[Start of Attachment]

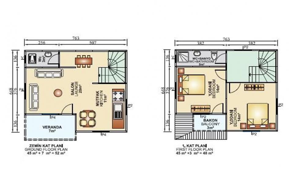 100 m2 Çift Katlı Prefabrik Ev
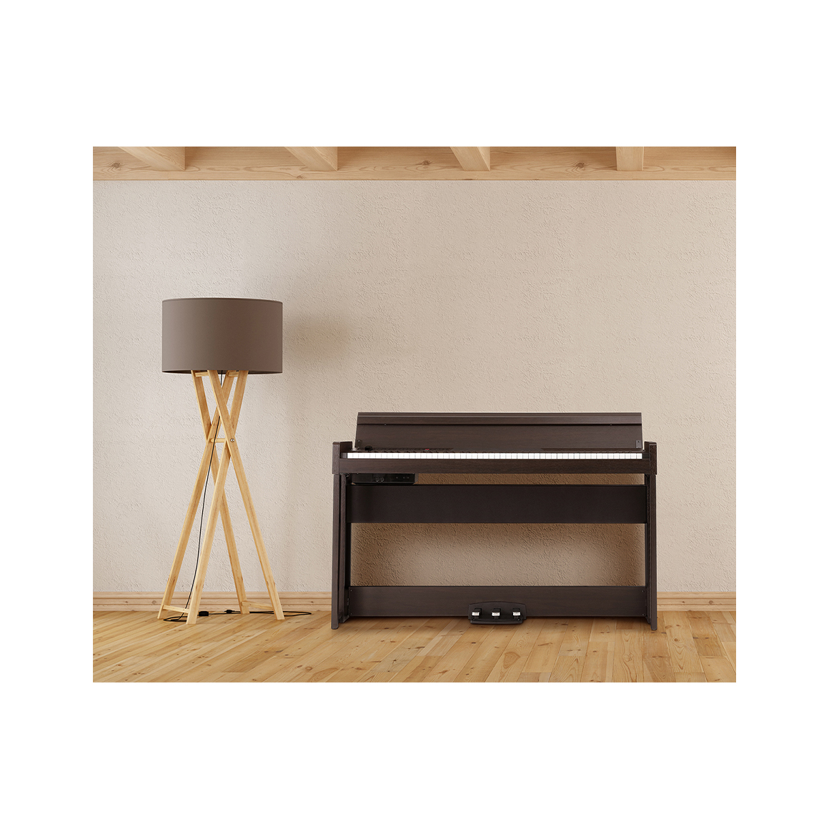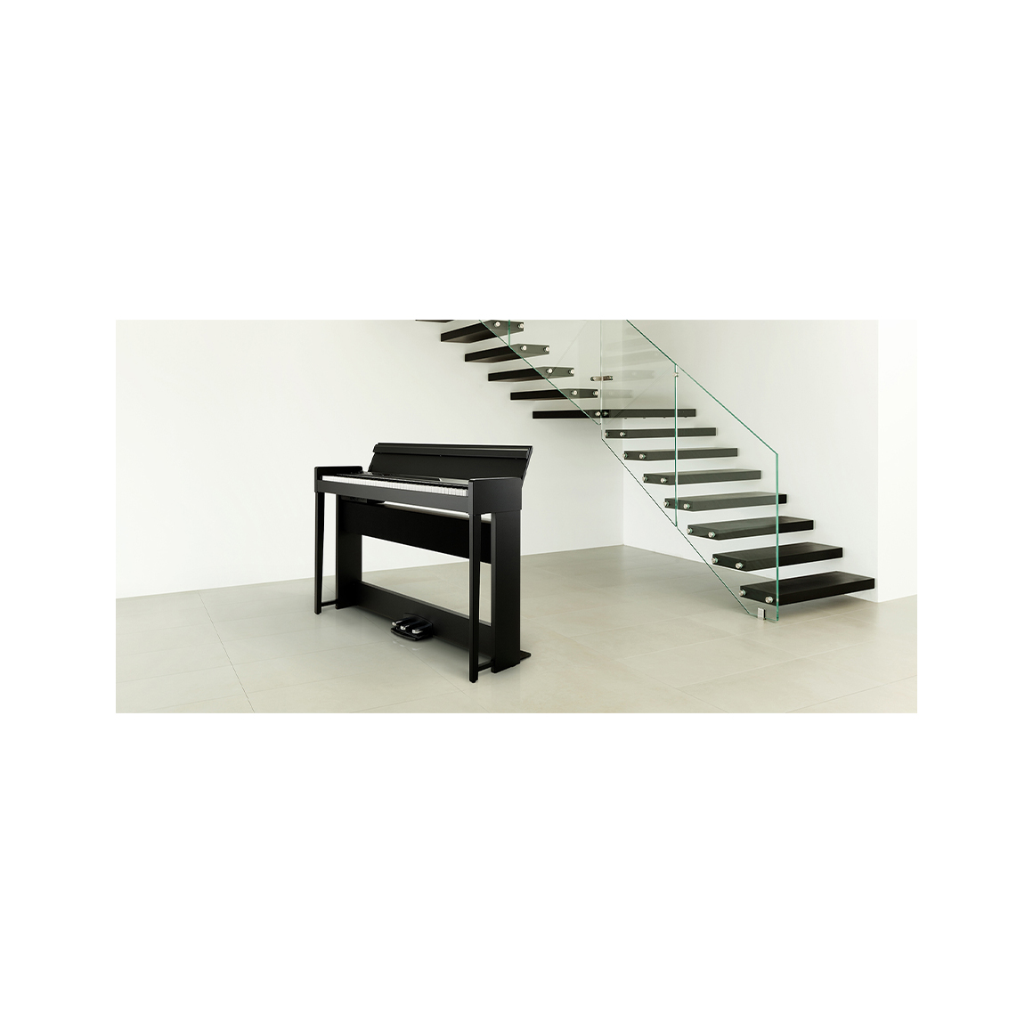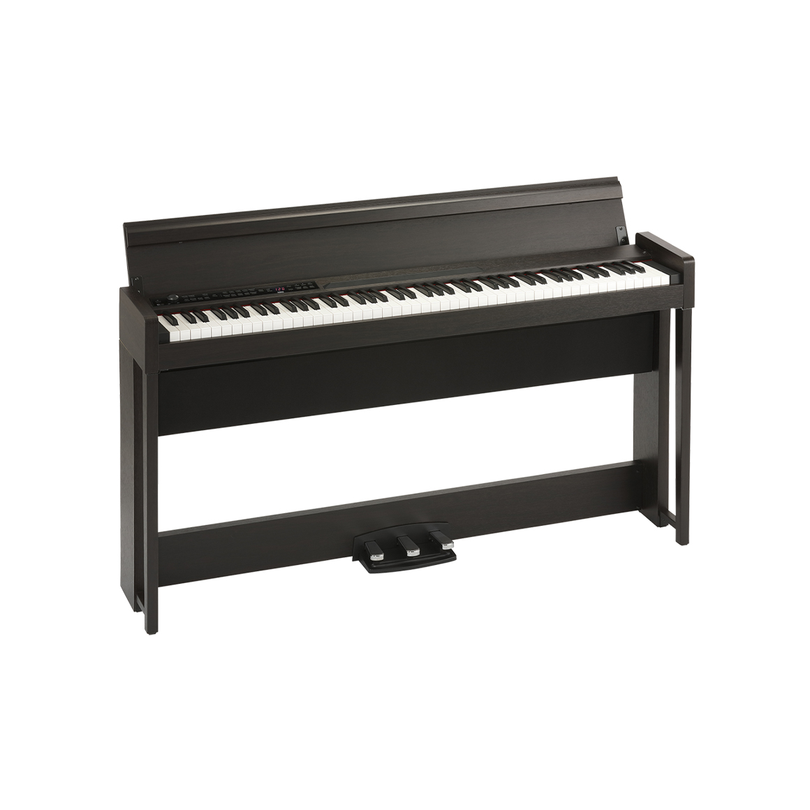 精湛的聲音和出色的設計,擺放在任何房間可增添時尚感C1/C1 Air是一台真正優美的數位鋼琴。憑藉KORG獨特的樂器設計和音響技術歷史,提供了高質感的彈奏手感和多功能性,可以超越最嚴苛的鋼琴家的期望。C1/C1 Air從緊湊細長的機身及所提供的音色的深度和清晰度都將使演奏家和觀眾驚嘆不已。精確設計的鍵盤提供了一種高質感的手感,可幫助學生培養出一種健全的彈奏技術,同時又能充分滿足更高級演奏家的需求。首先,KORG C1/C1 Air是一款精湛的鋼琴,在不能使用傳統樂器的地方可作為傳統樂器的最佳替代品。且它不需要調音,也可以戴著耳機一起使用,以避免打擾他人。此外,各種附加功能將激發所有演奏者的彈奏能力,並增強他們的音樂享受,包括30個超真實的樂器音色,藍芽音頻串流播放(只適用於C1 Air)及內建錄音功能。KORG C1/C1 Air在日本設計製造,其重新定義了數位鋼琴。主要功能Japan日本設計及製造 –重現日本卓越的高質感。一共有30個高品質的樂器音色。其中有兩款世界級的平台鋼琴音色(來自德國及日本等兩家知名品牌的鋼琴音色)三款效果器(明亮度(brilliance),殘響(reverb)及合聲(chorus))。數位化重現真實平台鋼琴的制音器共振及琴弦共振效果。使用Korg公司旗艦級的RH3琴鍵觸感,完全擬真於平台鋼琴的觸鍵手感。並有琴鍵釋放(Key-off)聲音模擬及五種力度可選擇。新研發的放大器及喇叭系統。讓鋼琴音色從25瓦x2喇叭傳送到彈奏者的耳朵是那麼真實重現。精緻優雅時尚的琴身設計,且整體深度只有26公分,可置放於任何地方。且上蓋掀起可成為全寬版的譜架。配置標準三踏板,並有半踏功能。有快速分鍵功能,可進行左右手不同音色彈奏或四手聯彈。內建40首示範鋼琴曲。有兩軌數位錄音可幫助你分析或保存你的演奏記錄。您可以分別記錄每一隻手彈奏的情況,或者將另外的歌曲錄製到先前預錄好的歌曲上。 並可以調節播放速度,最多可以儲存99首使用者錄製的歌曲。有藍芽音頻播放系統,可以隨著手機內的音樂透過藍芽由C1的喇叭播放並一起彈奏 (只對應於C1 Air機型)規格音高:有移調(Transpose),主要音調(Master tuning)。音源產生方式:立體聲PCM最大發音數:120 voices (max)音色:30種音色(10×3)效果器:有三款效果器(明亮度(brilliance),殘響(reverb)及合聲(chorus)),每一個都有3個層級。錄音器:兩軌錄音,最大可有14,000音符 (100k bytes),示範歌曲:50首 (音色示範:10首,鋼琴曲:40首)節拍器:可設定拍速(Tempo),節拍(beat),音色及音量踏板:制音器(Damper)可支援半踏,柔音(Soft),延音(Sostenuto)連接端子:導線輸出,MIDI (IN, OUT),耳機x 2,踏板,喇叭,DC 24V電源。控制部份:電源開關,音量旋鈕, PIANO歌曲鍵,Transpose(移調鍵),FUNCTION進階功能鍵,Touch(琴鍵觸感)鍵,明亮度(brilliance),殘響(reverb)及合聲(chorus),BANK音色庫,音色鍵X 10,顯示幕,+/-鍵,METRONOME節拍器,PLAY/PAUSE播放/暫停鍵,STOP停止鍵,REC錄音鍵,PART1, PART2喇叭:10 cm x 2輸出功率:25 W x 2電源供應: DC 24 V電源功率消耗: 18 W
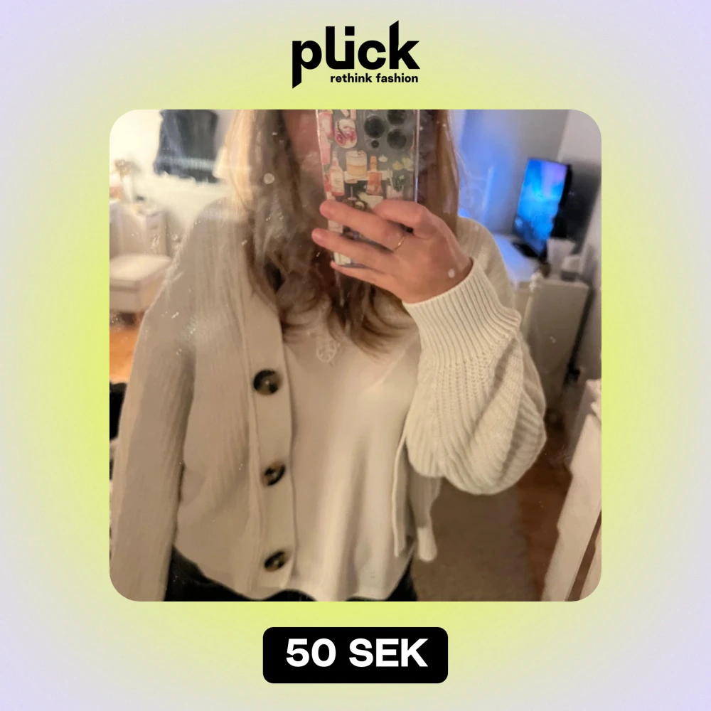 Säljer en supermysig vit stickad kofta med stora svarta knappar. Perfekt för kyliga dagar och passar till allt! Koftan har långa ärmar och en skön, lös passform. Den är i bra skick och redo för en ny ägare. Perfekt för höst och vinter!
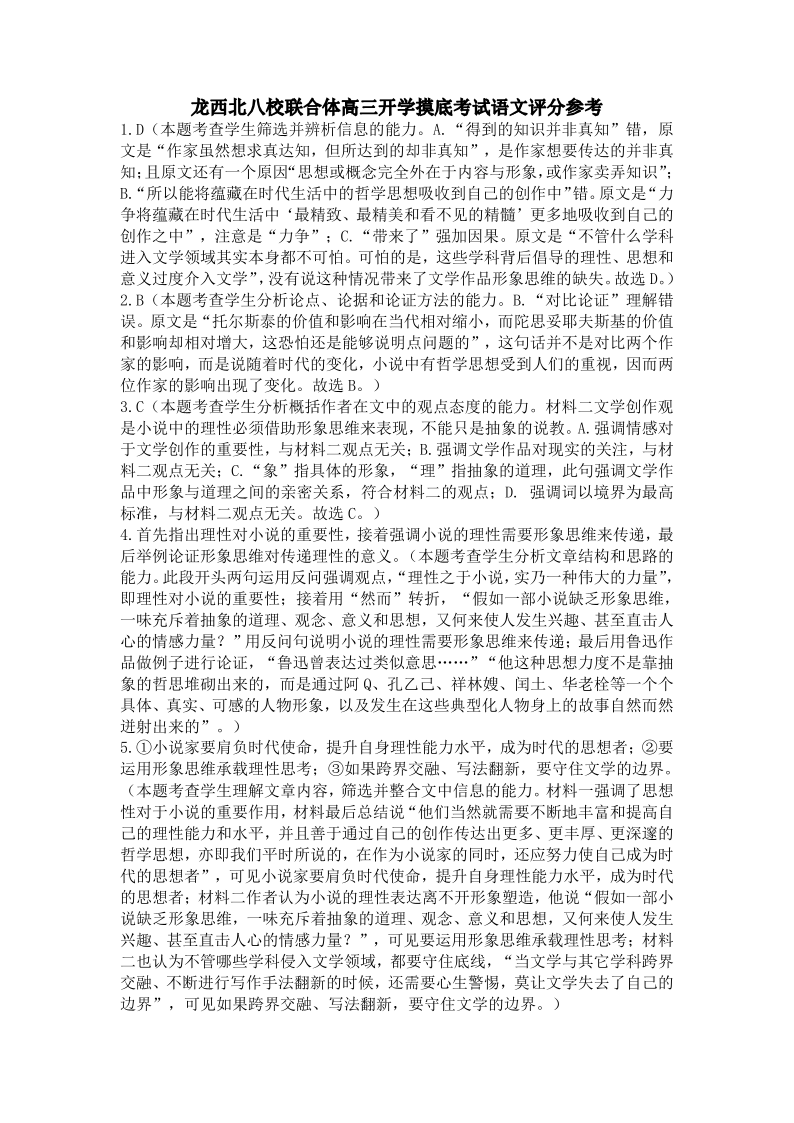 高三语文答案--黑龙江省龙西北八校联合体2023高三上学期开学考
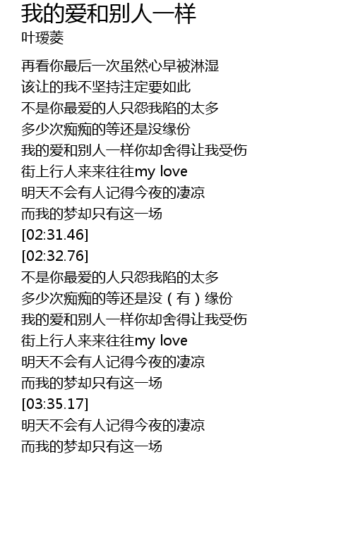 [03:05.86] 我的爱和别人一样你却舍得让我受伤
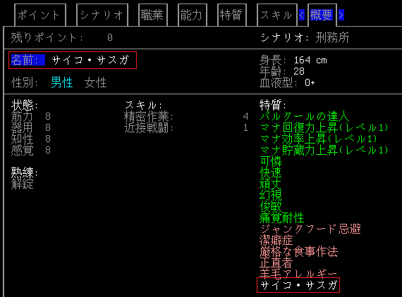 職業を選択したら次は能力の設定になる。いったん能力は保留してスキルから考えよう。能力なんてMODで上がるのだし初期設定でも良いよ。何よりも重要なのは特質だが、シナリオが刑務所なのでスキルも大事だ。
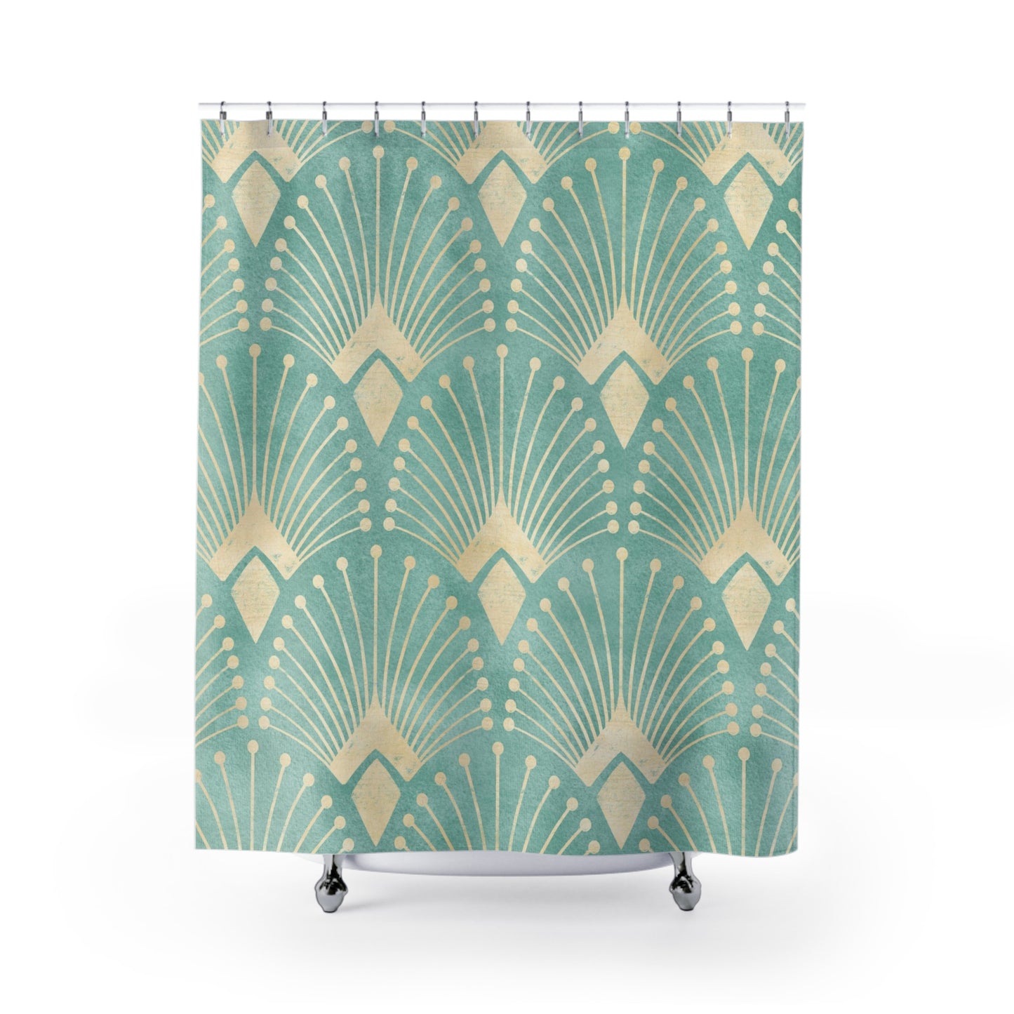 Add a touch of style to your bathroom with our unique shower curtains. This beautiful vintage art deco fan pattern design in shades of soft mint green blue and gold will add a touch of timeless elegance and charm to your home.
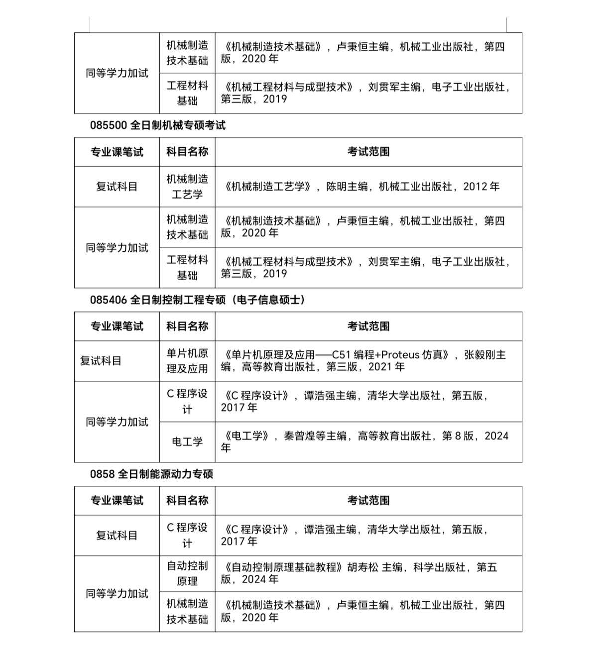 085406控制工程(专硕) 085800能源动力(专硕)
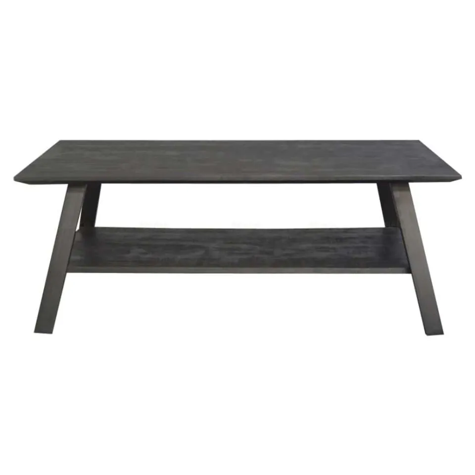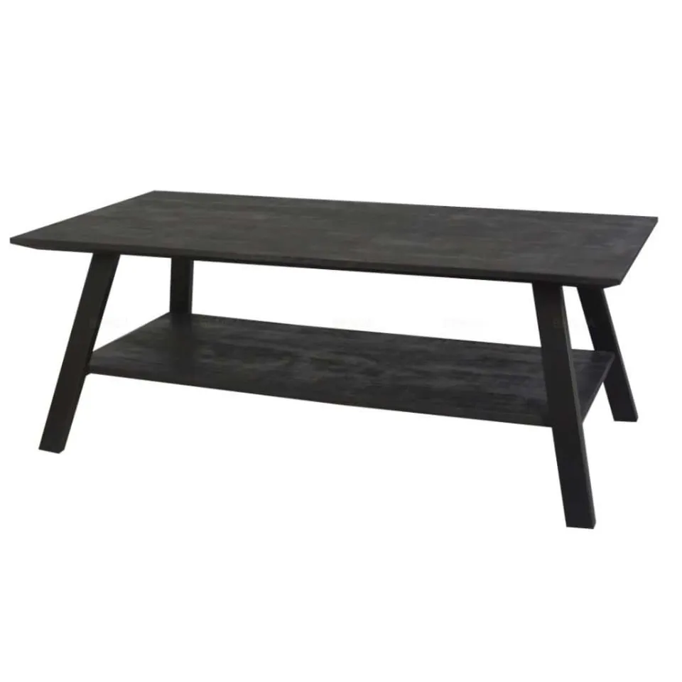 Strak zwart of bruin met naturel mangohout met ge-poedercoat stalen poten.
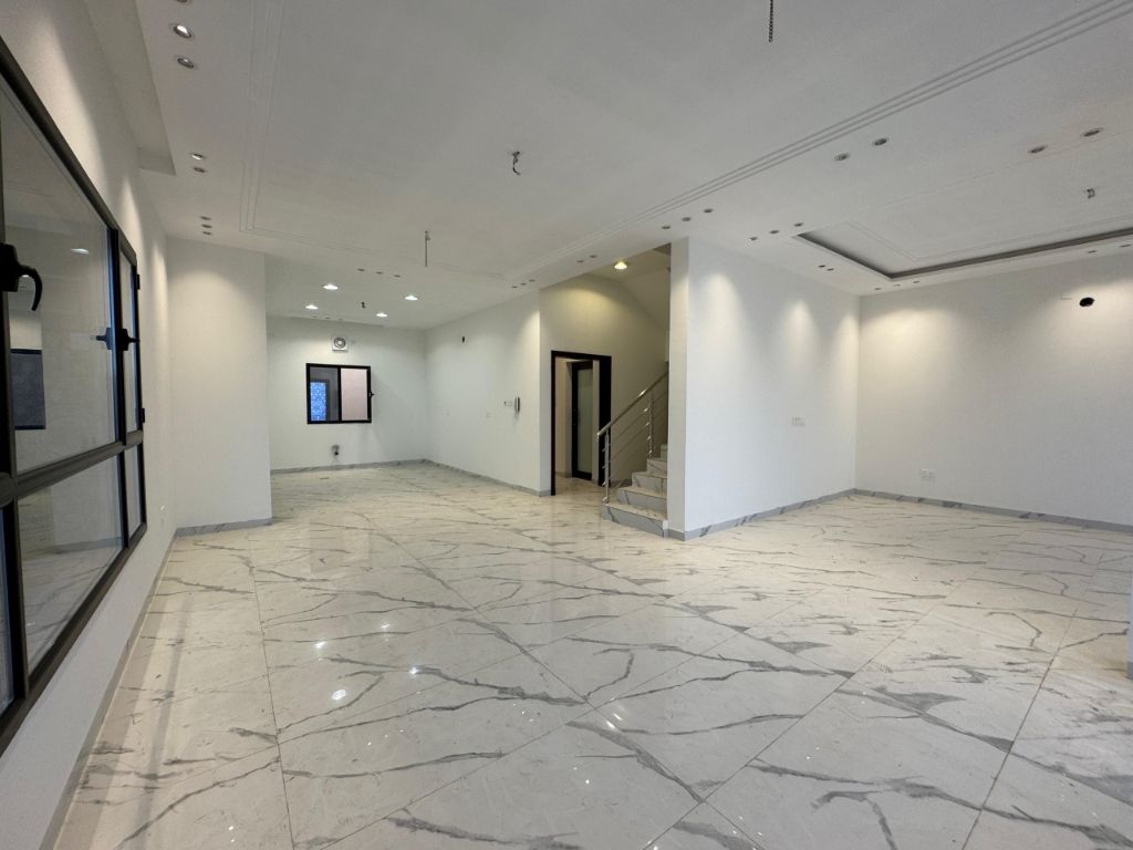 Dominions real estate for sale A villa in the Damstan area. Near the main street, consisting of two floors. The ground floor includes a Majlis, a large hall, a master bedroom, an open internal kitchen, an external kitchen, two bathrooms, parking for two cars, and a front garden. The first floor includes three master bedrooms and a hall. The second floor includes a maid's room and a laundry area. Land
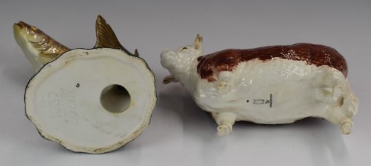 Beswick first version Hereford bull Champion of Champions and a Beswick trout model 1032, tallest 17cm

[End of Attachment]

▶ **WHAT IS EXPECTED**: Within the listing above, the lines from the one with "Säljer en supermysig" through the one with "Strak zwart of" are to be given again word for word. Do not include pictures.

▶ **RESPONSE**:
 Säljer en supermysig vit stickad kofta med stora svarta knappar. Perfekt för kyliga dagar och passar till allt! Koftan har långa ärmar och en skön, lös passform. Den är i bra skick och redo för en ny ägare. Perfekt för höst och vinter!
 高三语文答案--黑龙江省龙西北八校联合体2023高三上学期开学考
 [03:05.86] 我的爱和别人一样你却舍得让我受伤
 職業を選択したら次は能力の設定になる。いったん能力は保留してスキルから考えよう。能力なんてMODで上がるのだし初期設定でも良いよ。何よりも重要なのは特質だが、シナリオが刑務所なのでスキルも大事だ。
 Add a touch of style to your bathroom with our unique shower curtains. This beautiful vintage art deco fan pattern design in shades of soft mint green blue and gold will add a touch of timeless elegance and charm to your home.
 085406控制工程(专硕) 085800能源动力(专硕)
 Strak zwart of bruin met naturel mangohout met ge-poedercoat stalen poten.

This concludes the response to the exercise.